The tag and class for Description:

![Description.jpg](attachment:Description.jpg)

In [14]:
desc_tag = 'p'
desc_class = 'f5 color-fg-muted mb-0 mt-1'

In [15]:
desc_tags = tag_selector(desc_tag, desc_class)
len(desc_tags)

180

In [16]:
desc_tags[:5]

[<p class="f5 color-fg-muted mb-0 mt-1">
           3D modeling is the process of virtually developing the surface and structure of a 3D object.
         </p>,
 <p class="f5 color-fg-muted mb-0 mt-1">
           Ajax is a technique for creating interactive web applications.
         </p>,
 <p class="f5 color-fg-muted mb-0 mt-1">
           Algorithms are self-contained sequences that carry out a variety of tasks.
         </p>,
 <p class="f5 color-fg-muted mb-0 mt-1">
           Amp is a non-blocking concurrency library for PHP.
         </p>,
 <p class="f5 color-fg-muted mb-0 mt-1">
           Android is an operating system built by Google designed for mobile devices.
         </p>]

Creating a function to pull out the Description from the tags.

In [17]:
def topic_desc():
    descriptions = []
    for desc in desc_tags:
        descriptions.append(desc.text.strip())
    return descriptions

In [18]:
topic_desc()[:5]

['3D modeling is the process of virtually developing the surface and structure of a 3D object.',
 'Ajax is a technique for creating interactive web applications.',
 'Algorithms are self-contained sequences that carry out a variety of tasks.',
 'Amp is a non-blocking concurrency library for PHP.',
 'Android is an operating system built by Google designed for mobile devices.']

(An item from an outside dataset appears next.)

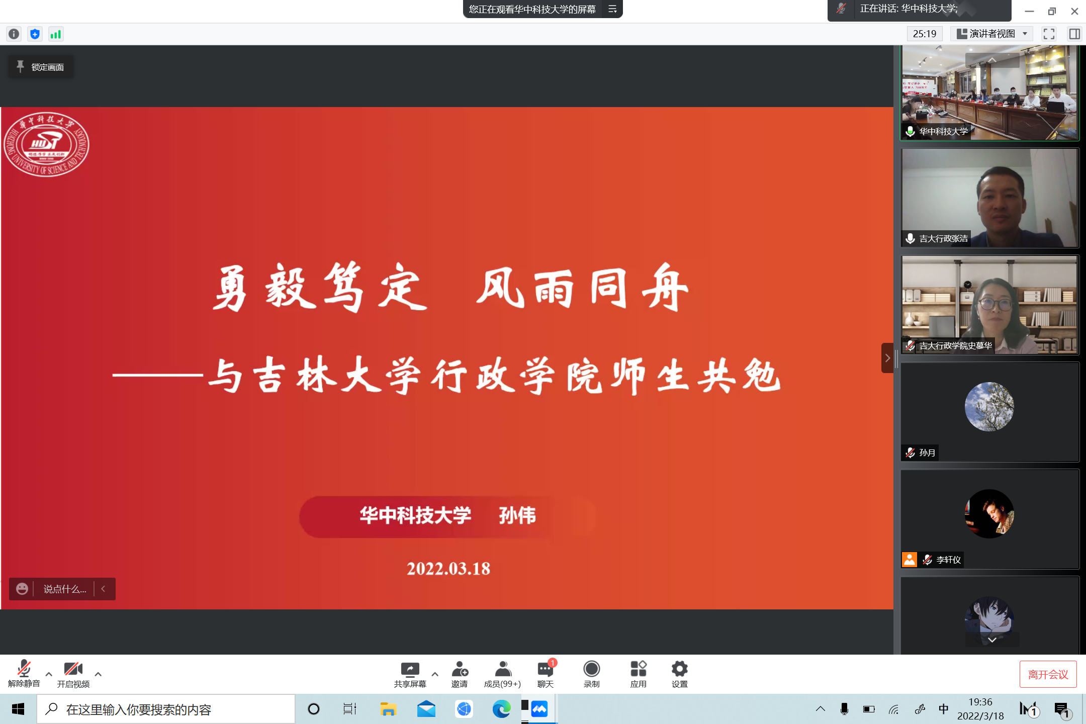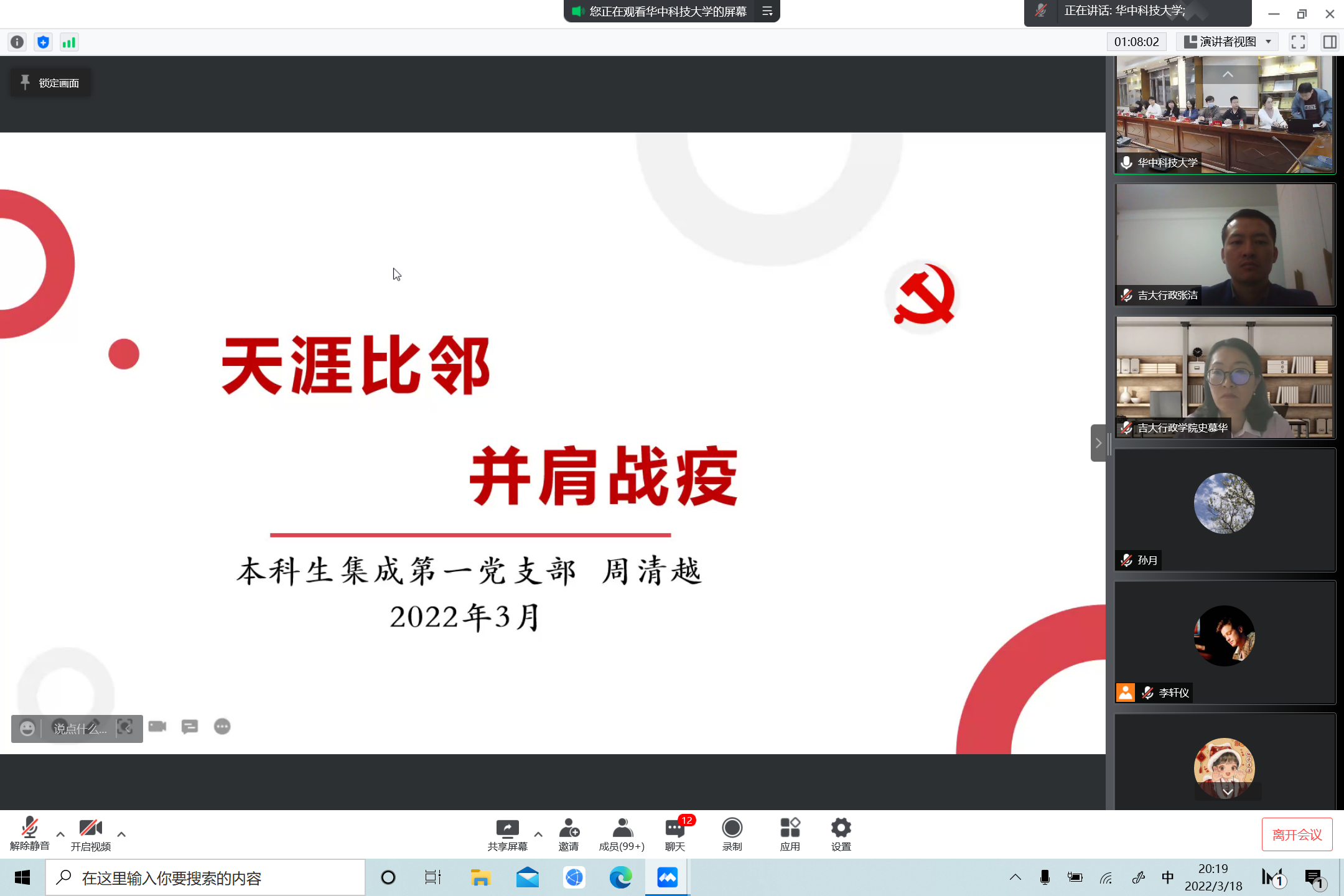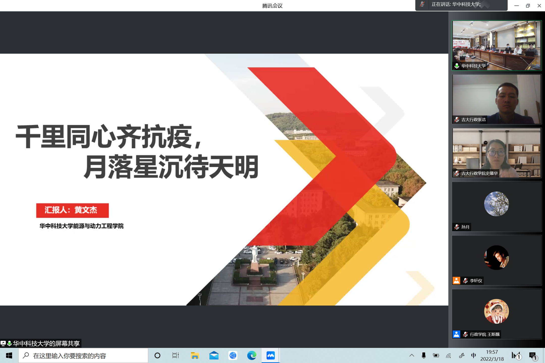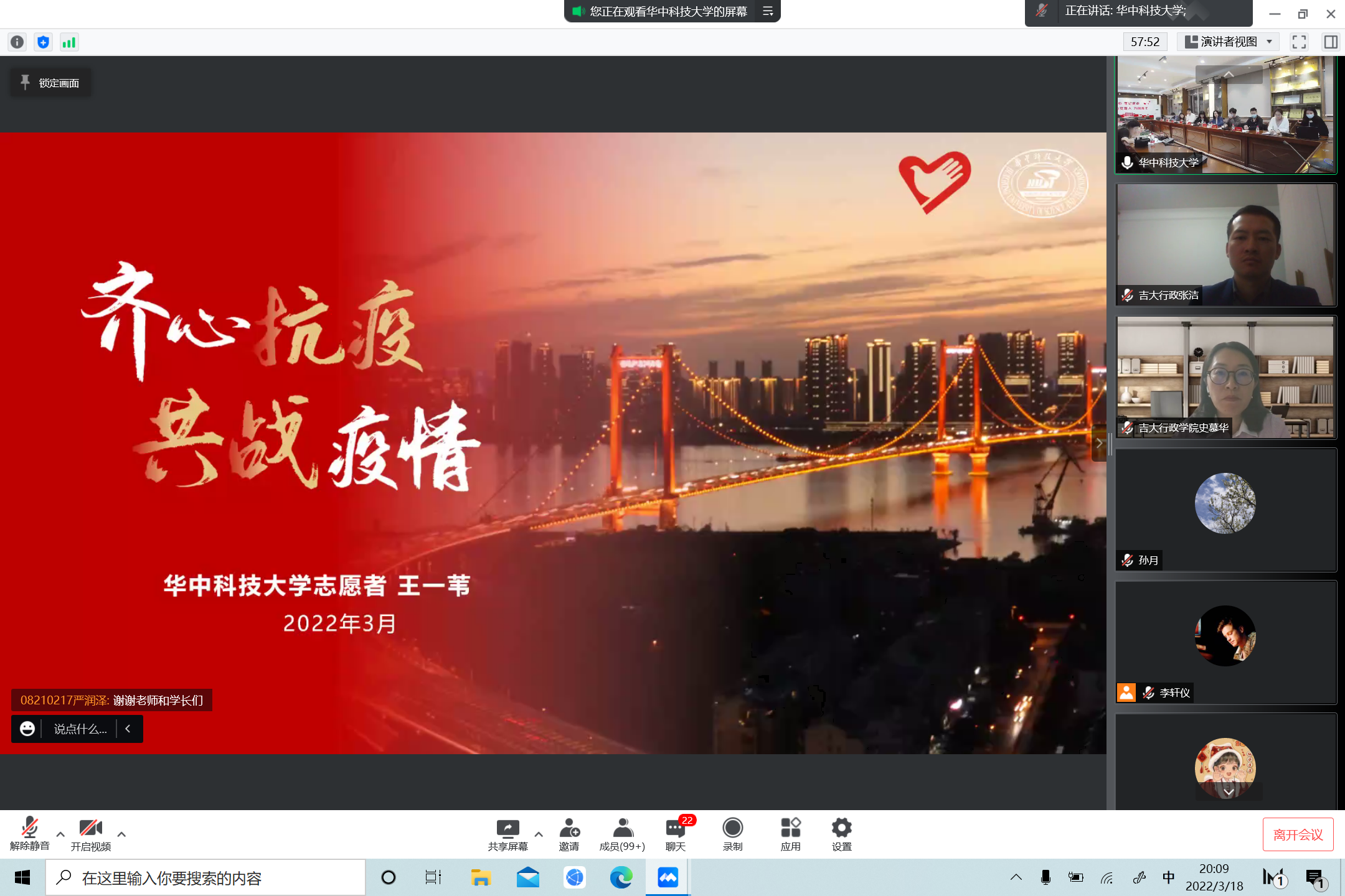 会上,华中科技大学师生代表从多个角度依次为beat365分享抗疫心得。能源与动力工程学院辅导员孙伟从“初心导思”“齐心导航”“细心导学”三方面分享了停课不停学工作经验,强调思想教育、线上活动、坚定信心的重要意义;建筑与城市规划学院辅导员杨柳讲述了网络战疫的自身经历,感慨在特殊时期辅导员更应化身员工们的守护者与主心骨;土木与水利工程学院辅导员张誉千介绍了寝室封闭期间华中老员工参与求职就业、论文写作、考研复试的创新模式;能源与动力工程学院2018级本科生黄文杰回顾了他的《守望天明》等原创战疫MV的创作历程;新闻与信息传播学院2020级硕士研究生王一苇分享了三次投身抗疫志愿服务、参加新冠肺炎疫苗临床试验的切身体会;电气与电子工程学院2018级本科卓越实验班班长韩东润分享了团结同学、相互监督,保证线上学习效率和质量的做法;光学与电子信息学院本科生集成第一党支部副书记周清越分享了党支部云端筑牢战斗堡垒、发挥党员先锋引领作用的工作经验。

The tag and class for URL:
![URL.jpg](attachment:URL.jpg)

In [19]:
url_tag = 'a'
url_class = 'no-underline flex-grow-0'

In [20]:
url_tags = tag_selector(url_tag, url_class)
len(url_tags)

180

Creating a function to pull out the URL from the tags.

In [21]:
def topic_url():
    urls = []
    base_url = 'https://github.com'
    for url in url_tags:
        urls.append(base_url+url['href'])
    return urls

In [22]:
topic_url()[:5]

['https://github.com/topics/3d',
 'https://github.com/topics/ajax',
 'https://github.com/topics/algorithm',
 'https://github.com/topics/amphp',
 'https://github.com/topics/android']

#### 3. Converting the information to a dataframe using Pandas.

In [23]:
import pandas as pd

In [24]:
topics_dict = {
    'Title': topic_titles(),
    'Description': topic_desc(),
    'URL': topic_url()
}

In [25]:
topics_df = pd.DataFrame(topics_dict)

In [26]:
topics_df

Unnamed: 0,Title,Description,URL
0,3D,3D modeling is the process of virtually develo...,https://github.com/topics/3d
1,Ajax,Ajax is a technique for creating interactive w...,https://github.com/topics/ajax
2,Algorithm,Algorithms are self-contained sequences that c...,https://github.com/topics/algorithm
3,Amp,Amp is a non-blocking concurrency library for ...,https://github.com/topics/amphp
4,Android,Android is an operating system built by Google...,https://github.com/topics/android
...,...,...,...
175,Windows,Windows is Microsoft's GUI-based operating sys...,https://github.com/topics/windows
176,WordPlate,WordPlate is a modern WordPress stack which si...,https://github.com/topics/wordplate
177,WordPress,WordPress is a popular content management syst...,https://github.com/topics/wordpress
178,Xamarin,Xamarin is a platform for developing iOS and A...,https://github.com/topics/xamarin


#### 4. Saving the dataframe as a CSV file.

In [27]:
topics_df.to_csv('GithubTopics.csv', index=None)

GithubTopics.csv will be saved in the folder.